Go to the line below containing "В отличие от" and print exactly from there through the line containing "太阳成集团tyc151cc朱", both included. Print nothing else.

**STUDY MATERIAL**:
┌──

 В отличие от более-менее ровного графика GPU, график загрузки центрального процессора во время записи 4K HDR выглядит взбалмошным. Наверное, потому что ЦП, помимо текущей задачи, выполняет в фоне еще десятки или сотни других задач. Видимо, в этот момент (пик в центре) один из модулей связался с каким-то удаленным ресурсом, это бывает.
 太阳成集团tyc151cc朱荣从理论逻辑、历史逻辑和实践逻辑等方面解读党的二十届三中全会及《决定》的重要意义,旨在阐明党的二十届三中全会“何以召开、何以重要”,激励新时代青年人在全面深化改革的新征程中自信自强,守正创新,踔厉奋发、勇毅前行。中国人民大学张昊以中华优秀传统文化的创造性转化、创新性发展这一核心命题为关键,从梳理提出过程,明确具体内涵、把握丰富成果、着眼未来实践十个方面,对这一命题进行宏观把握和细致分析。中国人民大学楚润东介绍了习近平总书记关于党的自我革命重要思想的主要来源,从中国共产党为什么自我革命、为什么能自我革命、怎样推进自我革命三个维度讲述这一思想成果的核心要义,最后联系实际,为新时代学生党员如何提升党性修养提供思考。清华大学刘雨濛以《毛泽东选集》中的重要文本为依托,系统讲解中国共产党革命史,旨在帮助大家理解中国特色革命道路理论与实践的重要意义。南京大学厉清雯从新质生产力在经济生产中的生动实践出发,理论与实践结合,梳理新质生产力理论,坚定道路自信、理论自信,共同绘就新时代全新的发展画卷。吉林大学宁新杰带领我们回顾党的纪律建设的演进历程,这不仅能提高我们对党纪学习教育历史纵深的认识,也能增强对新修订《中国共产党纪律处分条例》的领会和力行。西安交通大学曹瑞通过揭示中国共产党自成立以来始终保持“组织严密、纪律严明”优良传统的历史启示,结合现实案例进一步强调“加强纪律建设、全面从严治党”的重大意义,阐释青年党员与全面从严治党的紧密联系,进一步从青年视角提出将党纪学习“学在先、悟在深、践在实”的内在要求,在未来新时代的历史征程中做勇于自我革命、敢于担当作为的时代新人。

└──
┌──

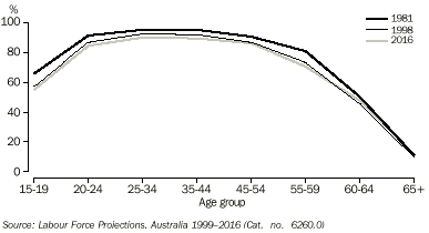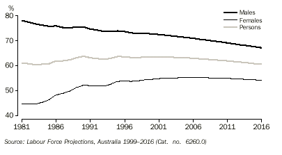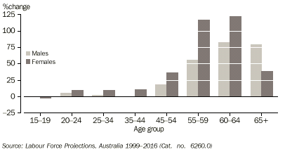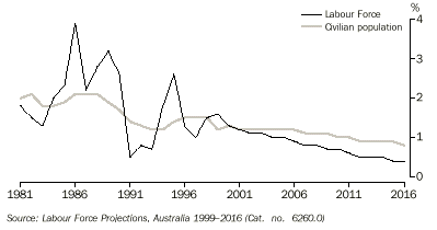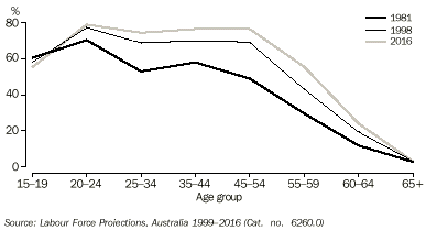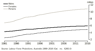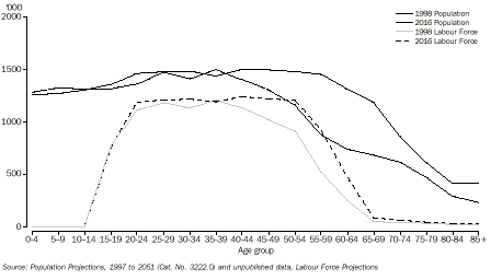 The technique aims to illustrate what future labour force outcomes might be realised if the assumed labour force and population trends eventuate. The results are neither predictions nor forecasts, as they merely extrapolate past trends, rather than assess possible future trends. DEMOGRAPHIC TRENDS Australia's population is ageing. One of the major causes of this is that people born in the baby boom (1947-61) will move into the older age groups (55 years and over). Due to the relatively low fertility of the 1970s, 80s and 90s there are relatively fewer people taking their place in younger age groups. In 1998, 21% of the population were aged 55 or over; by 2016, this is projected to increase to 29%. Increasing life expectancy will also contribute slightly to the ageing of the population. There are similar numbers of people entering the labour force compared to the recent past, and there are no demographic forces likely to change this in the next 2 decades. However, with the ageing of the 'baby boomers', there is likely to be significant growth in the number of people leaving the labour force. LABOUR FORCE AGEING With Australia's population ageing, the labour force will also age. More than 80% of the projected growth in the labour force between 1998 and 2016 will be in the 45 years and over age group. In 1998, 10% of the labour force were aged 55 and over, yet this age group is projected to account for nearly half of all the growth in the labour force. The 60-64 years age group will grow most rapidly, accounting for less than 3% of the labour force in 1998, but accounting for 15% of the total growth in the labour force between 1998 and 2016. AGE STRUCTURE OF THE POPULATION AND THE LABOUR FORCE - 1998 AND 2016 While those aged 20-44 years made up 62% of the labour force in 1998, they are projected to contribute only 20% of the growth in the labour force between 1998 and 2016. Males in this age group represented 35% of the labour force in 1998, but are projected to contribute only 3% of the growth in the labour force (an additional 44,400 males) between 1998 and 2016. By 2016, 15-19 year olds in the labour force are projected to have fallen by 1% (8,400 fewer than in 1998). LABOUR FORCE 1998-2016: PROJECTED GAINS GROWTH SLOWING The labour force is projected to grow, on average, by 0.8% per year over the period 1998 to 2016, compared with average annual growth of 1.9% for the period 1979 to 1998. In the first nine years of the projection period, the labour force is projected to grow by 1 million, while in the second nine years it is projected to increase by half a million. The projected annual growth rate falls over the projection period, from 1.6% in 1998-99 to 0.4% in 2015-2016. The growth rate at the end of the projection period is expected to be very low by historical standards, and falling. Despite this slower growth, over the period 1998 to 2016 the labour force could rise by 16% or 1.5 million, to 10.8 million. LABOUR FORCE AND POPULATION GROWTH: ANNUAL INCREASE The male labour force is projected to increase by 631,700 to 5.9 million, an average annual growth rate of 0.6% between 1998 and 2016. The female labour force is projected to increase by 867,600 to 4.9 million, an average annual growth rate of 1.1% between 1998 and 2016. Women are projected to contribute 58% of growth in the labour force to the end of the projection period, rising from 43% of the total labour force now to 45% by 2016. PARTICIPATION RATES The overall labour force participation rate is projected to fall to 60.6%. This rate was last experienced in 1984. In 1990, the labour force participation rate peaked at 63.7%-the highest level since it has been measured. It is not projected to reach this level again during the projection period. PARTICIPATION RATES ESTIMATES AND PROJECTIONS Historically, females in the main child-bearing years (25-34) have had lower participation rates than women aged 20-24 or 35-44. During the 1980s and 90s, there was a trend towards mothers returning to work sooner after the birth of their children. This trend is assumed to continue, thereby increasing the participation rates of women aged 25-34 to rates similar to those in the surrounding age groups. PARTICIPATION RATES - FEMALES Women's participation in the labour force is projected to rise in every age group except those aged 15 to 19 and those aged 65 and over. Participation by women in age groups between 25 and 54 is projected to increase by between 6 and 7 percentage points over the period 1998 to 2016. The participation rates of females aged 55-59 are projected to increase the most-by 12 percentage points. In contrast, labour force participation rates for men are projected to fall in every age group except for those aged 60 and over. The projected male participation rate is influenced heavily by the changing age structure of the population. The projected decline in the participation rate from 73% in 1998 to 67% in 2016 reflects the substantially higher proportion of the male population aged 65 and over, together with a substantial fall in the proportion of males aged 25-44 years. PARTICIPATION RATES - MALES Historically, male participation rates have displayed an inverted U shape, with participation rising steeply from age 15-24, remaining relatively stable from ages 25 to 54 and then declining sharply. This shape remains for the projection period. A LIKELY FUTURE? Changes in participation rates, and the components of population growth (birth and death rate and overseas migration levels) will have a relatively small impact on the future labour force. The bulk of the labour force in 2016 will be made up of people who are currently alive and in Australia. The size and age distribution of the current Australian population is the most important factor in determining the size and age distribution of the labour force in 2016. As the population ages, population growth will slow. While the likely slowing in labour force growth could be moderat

└──
┌──

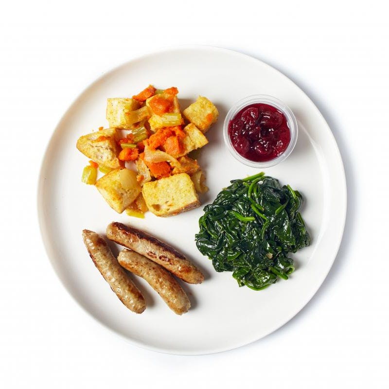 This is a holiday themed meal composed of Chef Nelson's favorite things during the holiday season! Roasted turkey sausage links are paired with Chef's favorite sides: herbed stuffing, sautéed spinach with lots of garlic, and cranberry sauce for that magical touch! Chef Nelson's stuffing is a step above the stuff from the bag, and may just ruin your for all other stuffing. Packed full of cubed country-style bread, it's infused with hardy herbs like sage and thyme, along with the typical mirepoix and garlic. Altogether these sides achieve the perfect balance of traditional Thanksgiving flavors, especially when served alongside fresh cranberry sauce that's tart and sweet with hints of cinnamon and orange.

└──

**RESULT OF THE EXERCISE**:
 В отличие от более-менее ровного графика GPU, график загрузки центрального процессора во время записи 4K HDR выглядит взбалмошным. Наверное, потому что ЦП, помимо текущей задачи, выполняет в фоне еще десятки или сотни других задач. Видимо, в этот момент (пик в центре) один из модулей связался с каким-то удаленным ресурсом, это бывает.
 太阳成集团tyc151cc朱荣从理论逻辑、历史逻辑和实践逻辑等方面解读党的二十届三中全会及《决定》的重要意义,旨在阐明党的二十届三中全会“何以召开、何以重要”,激励新时代青年人在全面深化改革的新征程中自信自强,守正创新,踔厉奋发、勇毅前行。中国人民大学张昊以中华优秀传统文化的创造性转化、创新性发展这一核心命题为关键,从梳理提出过程,明确具体内涵、把握丰富成果、着眼未来实践十个方面,对这一命题进行宏观把握和细致分析。中国人民大学楚润东介绍了习近平总书记关于党的自我革命重要思想的主要来源,从中国共产党为什么自我革命、为什么能自我革命、怎样推进自我革命三个维度讲述这一思想成果的核心要义,最后联系实际,为新时代学生党员如何提升党性修养提供思考。清华大学刘雨濛以《毛泽东选集》中的重要文本为依托,系统讲解中国共产党革命史,旨在帮助大家理解中国特色革命道路理论与实践的重要意义。南京大学厉清雯从新质生产力在经济生产中的生动实践出发,理论与实践结合,梳理新质生产力理论,坚定道路自信、理论自信,共同绘就新时代全新的发展画卷。吉林大学宁新杰带领我们回顾党的纪律建设的演进历程,这不仅能提高我们对党纪学习教育历史纵深的认识,也能增强对新修订《中国共产党纪律处分条例》的领会和力行。西安交通大学曹瑞通过揭示中国共产党自成立以来始终保持“组织严密、纪律严明”优良传统的历史启示,结合现实案例进一步强调“加强纪律建设、全面从严治党”的重大意义,阐释青年党员与全面从严治党的紧密联系,进一步从青年视角提出将党纪学习“学在先、悟在深、践在实”的内在要求,在未来新时代的历史征程中做勇于自我革命、敢于担当作为的时代新人。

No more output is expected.